Reproduce the data below in full and to the letter, images excepted.

━━ Data section

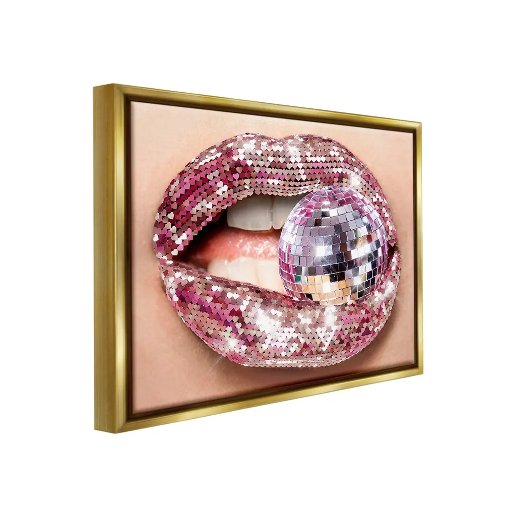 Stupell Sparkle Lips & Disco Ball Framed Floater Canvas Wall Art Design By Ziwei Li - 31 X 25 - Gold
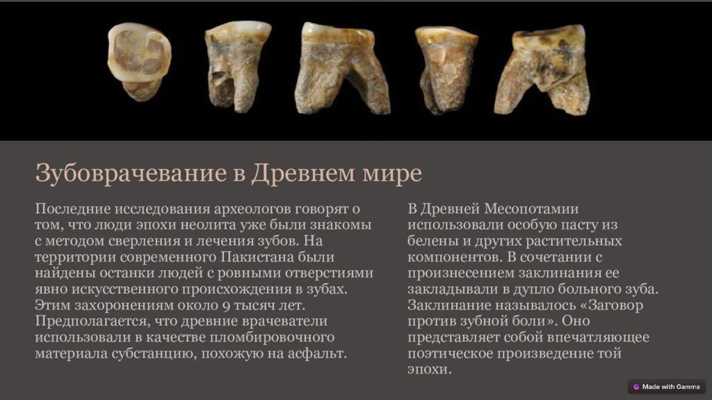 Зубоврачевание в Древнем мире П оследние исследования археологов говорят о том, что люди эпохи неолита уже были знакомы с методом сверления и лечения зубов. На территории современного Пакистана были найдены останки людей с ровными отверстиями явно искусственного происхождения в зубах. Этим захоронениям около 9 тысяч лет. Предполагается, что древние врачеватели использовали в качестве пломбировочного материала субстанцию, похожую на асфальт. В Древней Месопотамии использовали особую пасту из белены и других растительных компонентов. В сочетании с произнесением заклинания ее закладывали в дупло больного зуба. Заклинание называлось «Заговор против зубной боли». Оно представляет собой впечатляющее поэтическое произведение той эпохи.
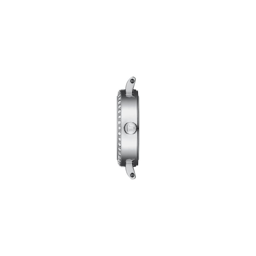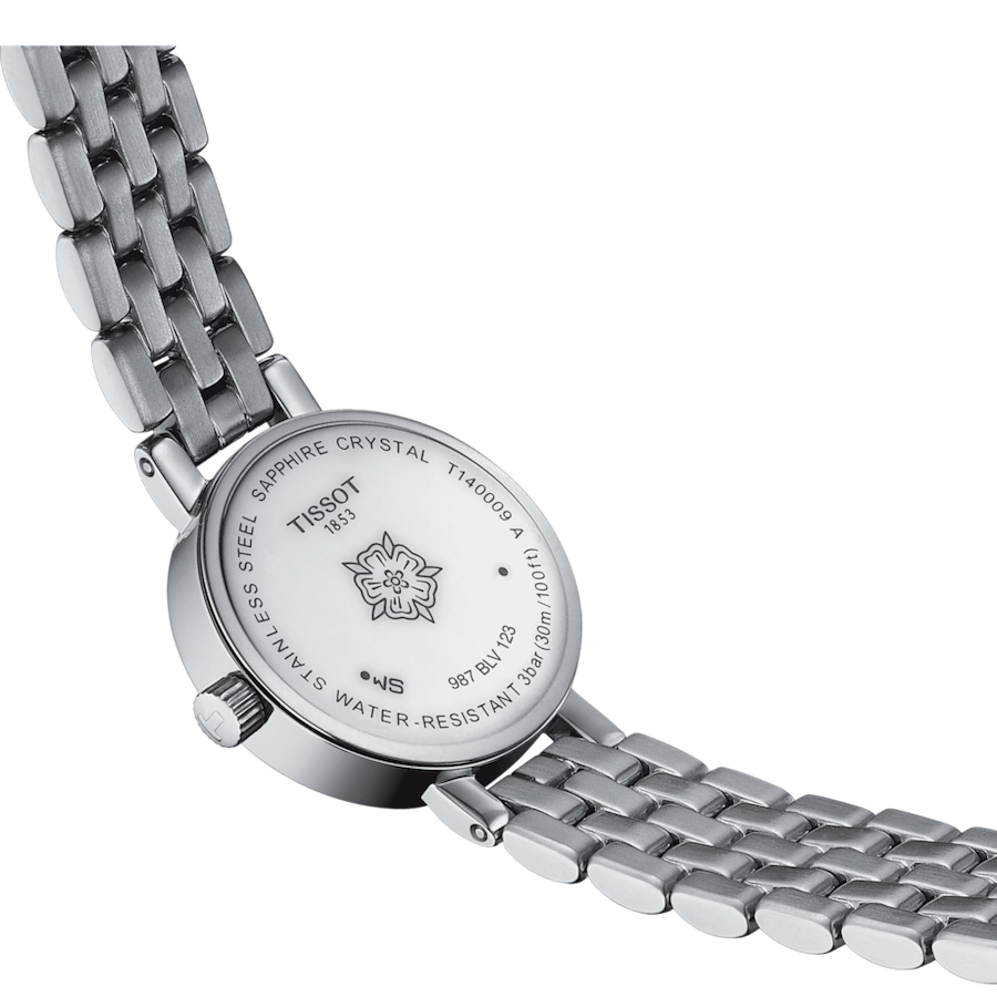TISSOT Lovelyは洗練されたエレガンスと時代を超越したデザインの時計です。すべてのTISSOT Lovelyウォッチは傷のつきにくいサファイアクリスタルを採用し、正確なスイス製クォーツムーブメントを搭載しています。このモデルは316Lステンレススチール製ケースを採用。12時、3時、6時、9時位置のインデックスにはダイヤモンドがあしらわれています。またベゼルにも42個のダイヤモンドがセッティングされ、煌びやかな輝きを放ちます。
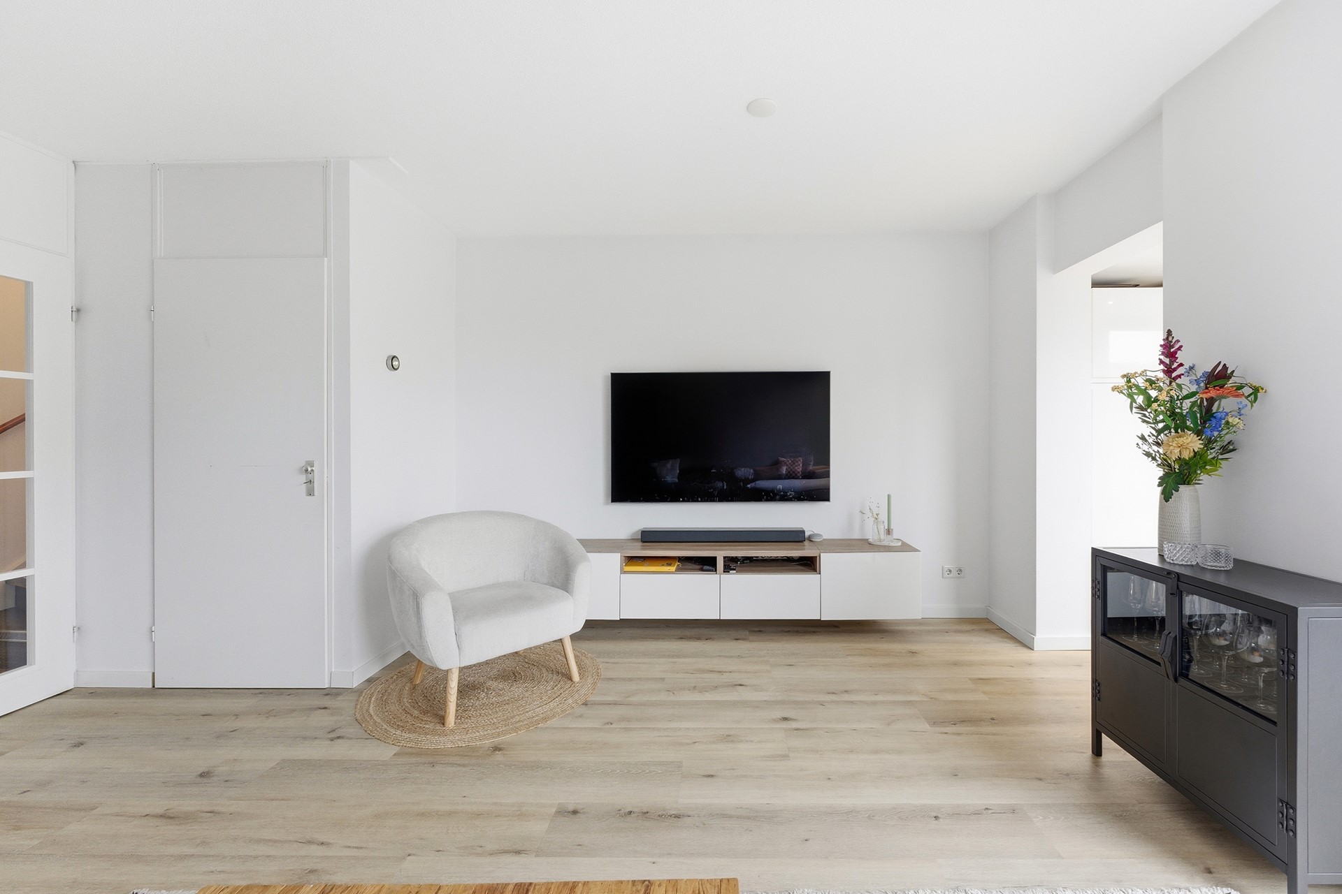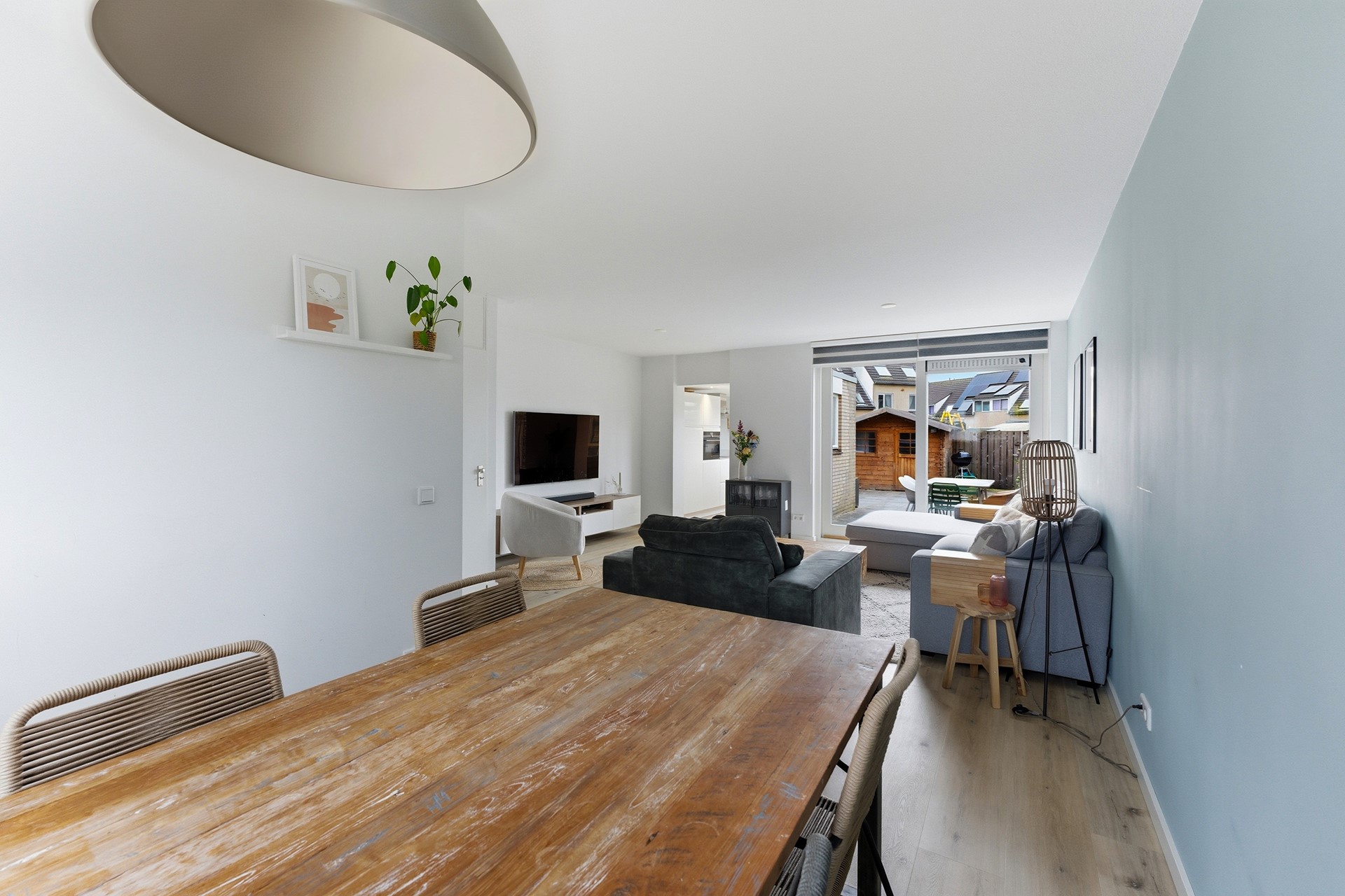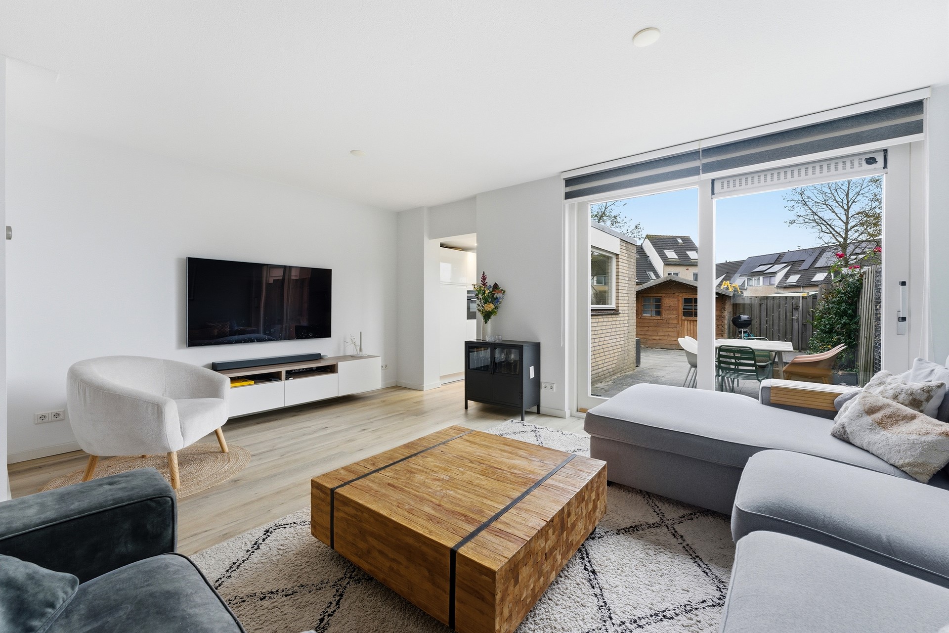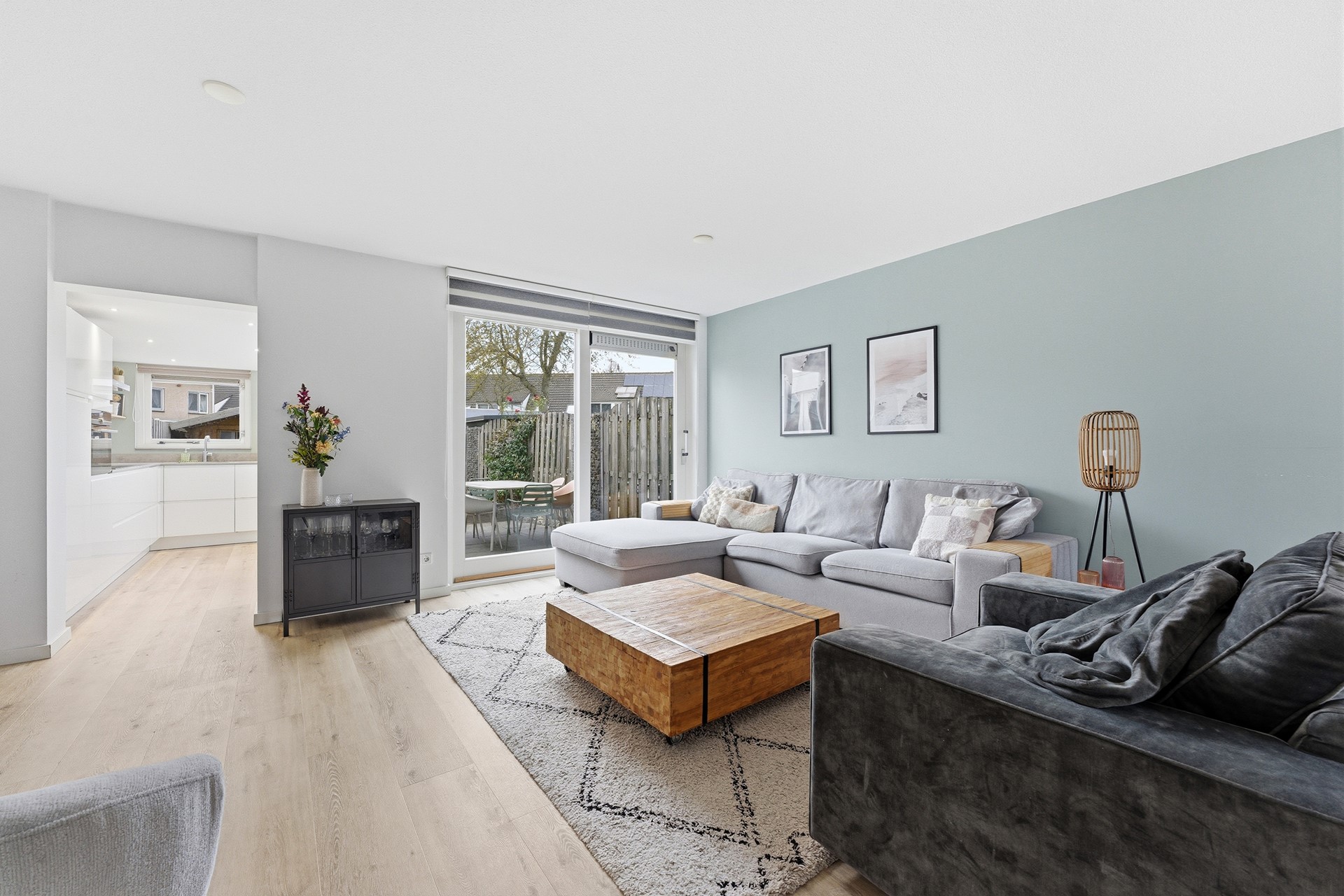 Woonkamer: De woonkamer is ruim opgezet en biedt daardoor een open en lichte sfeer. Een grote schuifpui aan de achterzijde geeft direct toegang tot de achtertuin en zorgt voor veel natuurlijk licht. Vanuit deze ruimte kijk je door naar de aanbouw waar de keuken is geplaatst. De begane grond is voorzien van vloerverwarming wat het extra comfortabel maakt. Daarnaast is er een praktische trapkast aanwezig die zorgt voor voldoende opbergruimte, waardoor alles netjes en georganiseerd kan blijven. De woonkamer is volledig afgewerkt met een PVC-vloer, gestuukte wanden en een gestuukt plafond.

━━━━

_Result of this exercise_
 Stupell Sparkle Lips & Disco Ball Framed Floater Canvas Wall Art Design By Ziwei Li - 31 X 25 - Gold
 Зубоврачевание в Древнем мире П оследние исследования археологов говорят о том, что люди эпохи неолита уже были знакомы с методом сверления и лечения зубов. На территории современного Пакистана были найдены останки людей с ровными отверстиями явно искусственного происхождения в зубах. Этим захоронениям около 9 тысяч лет. Предполагается, что древние врачеватели использовали в качестве пломбировочного материала субстанцию, похожую на асфальт. В Древней Месопотамии использовали особую пасту из белены и других растительных компонентов. В сочетании с произнесением заклинания ее закладывали в дупло больного зуба. Заклинание называлось «Заговор против зубной боли». Оно представляет собой впечатляющее поэтическое произведение той эпохи.
TISSOT Lovelyは洗練されたエレガンスと時代を超越したデザインの時計です。すべてのTISSOT Lovelyウォッチは傷のつきにくいサファイアクリスタルを採用し、正確なスイス製クォーツムーブメントを搭載しています。このモデルは316Lステンレススチール製ケースを採用。12時、3時、6時、9時位置のインデックスにはダイヤモンドがあしらわれています。またベゼルにも42個のダイヤモンドがセッティングされ、煌びやかな輝きを放ちます。
 Woonkamer: De woonkamer is ruim opgezet en biedt daardoor een open en lichte sfeer. Een grote schuifpui aan de achterzijde geeft direct toegang tot de achtertuin en zorgt voor veel natuurlijk licht. Vanuit deze ruimte kijk je door naar de aanbouw waar de keuken is geplaatst. De begane grond is voorzien van vloerverwarming wat het extra comfortabel maakt. Daarnaast is er een praktische trapkast aanwezig die zorgt voor voldoende opbergruimte, waardoor alles netjes en georganiseerd kan blijven. De woonkamer is volledig afgewerkt met een PVC-vloer, gestuukte wanden en een gestuukt plafond.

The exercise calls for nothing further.